Electwai · August 2, 2016, 7:45am

Hello folks,
I have a min groove 2hn I want to connect to my rb2011 as an access point so I can broadcast my wireless over a wide area.

The issues now are that :

I can’t get the groove 2hn to relay the dhcp of the rb2011 as in I don’t want the groove to have dhcp but use the dhcp of the rb2011.
I can’t seem to get the groove wireless broadcasting.

trace323 · September 10, 2016, 5:50pm

Anyone???

I need some help on this.. People say they’ve had similar issues and some people say they dont…

pukkita · September 11, 2016, 11:50am

I am puzzled by your problem, have routers (my own home router for example) doing software VLANs for years, zero problems.

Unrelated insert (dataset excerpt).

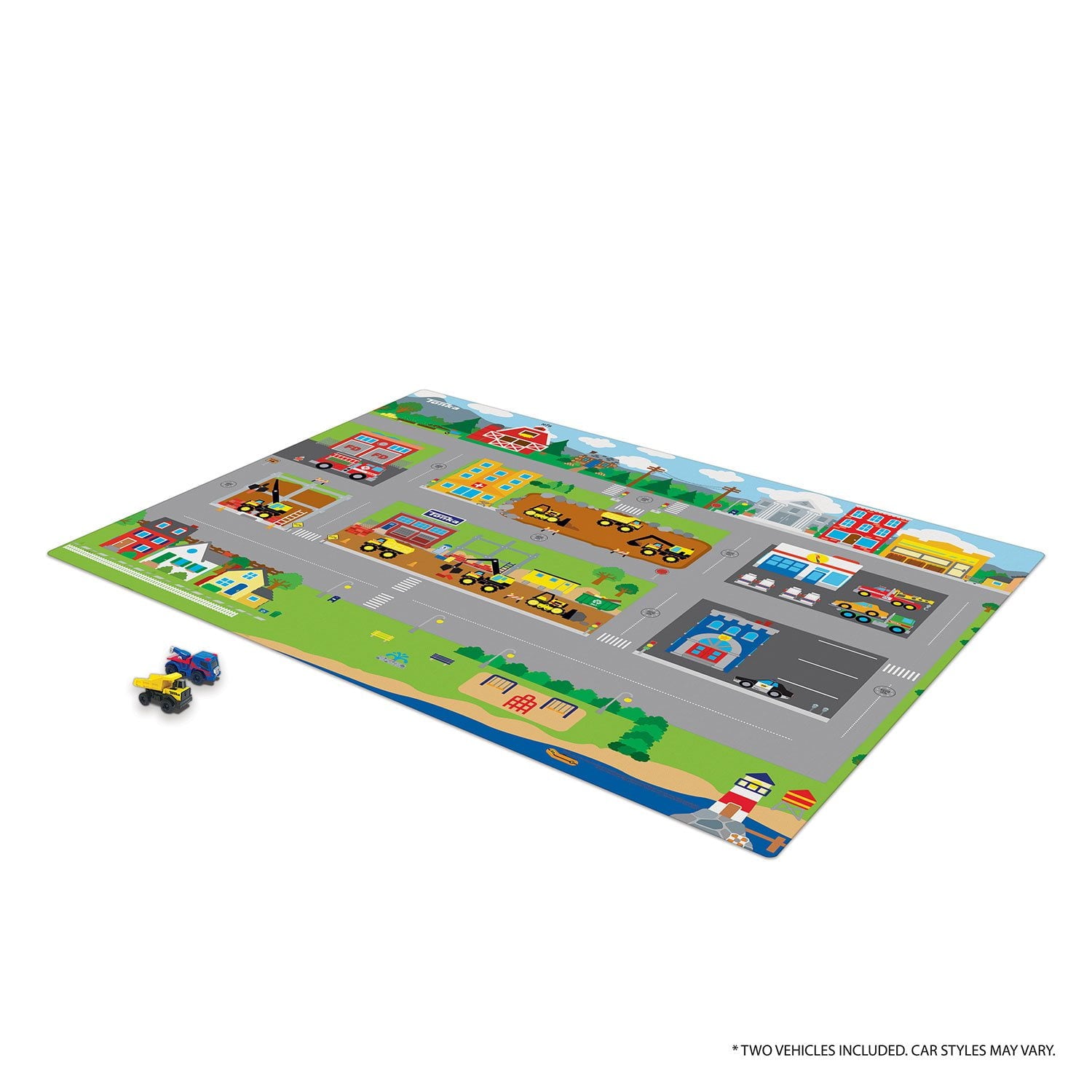 Step into a world of fun and excitement with the Megamat Jumbo Floor Playmat. This playmat features your child's favorite characters for an immersive playtime experience. Just roll out the 61 x 47-inch EVA foam playmat and let your little one take the two character vehicles on a thrilling ride. The playmat, which is lightweight, durable, and soft, is perfect for almost any setting.

If you’re using latest ROS, latest firmware, and have netinstalled the router, and still experience the problem, generate a supout in that same moment and send it to support with a precise description of the problem, or a link to this post.

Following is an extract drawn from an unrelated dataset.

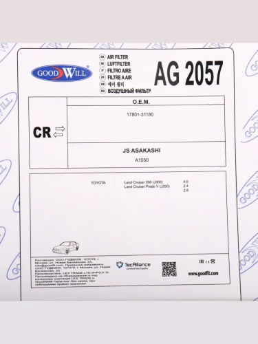 Фильтр воздушный TOYOTA Land Cruiser (21-) GOODWILL

If you truly experience this on ALL your routers, then I think the common denominator should be on the configs… your problems could be related to MTU.

trace323 · September 11, 2016, 8:55pm

Pukkita:

Yes, I am having major issues with this. I thought it was my config at first, but I manually setup this ups. I’ve been done a simple config, no vlans or anything and same shit. I can take away the Mikrotik and put a diff router and bam works fine. I don’t use netinstall.

Why do you think it would be the MTU?

trace323 · October 5, 2018, 5:22pm

Hello

Anyone else experience is this as well?

ashpri · October 26, 2018, 3:30am

I am, with Hap AC Lite on ROS 6.43.4. The router is connected to an office switch and a public area switch (both Unifi US-24-250W devices). The 5 APs are all Unifi. 1 Native mgmt vlan and 7 tagged vlans.

I have tried:

Making sure admin mac is enabled
Switching bridge between none, STP and RSTP
Switching off bridge fast forward, fast path and unchecked use IP Firewall
Increasing dhcp lease time to 6 hours

We are re-crimping the cables to see if it will solve the issue.

Update : The issue is not mikrotik. There is an unexpected rogue dhcp server in the form of a hdmi over ip transmitter in one of the vlans. What I don’t understand is why it prevents clients in other vlans getting dhcp requests from the mikrotik.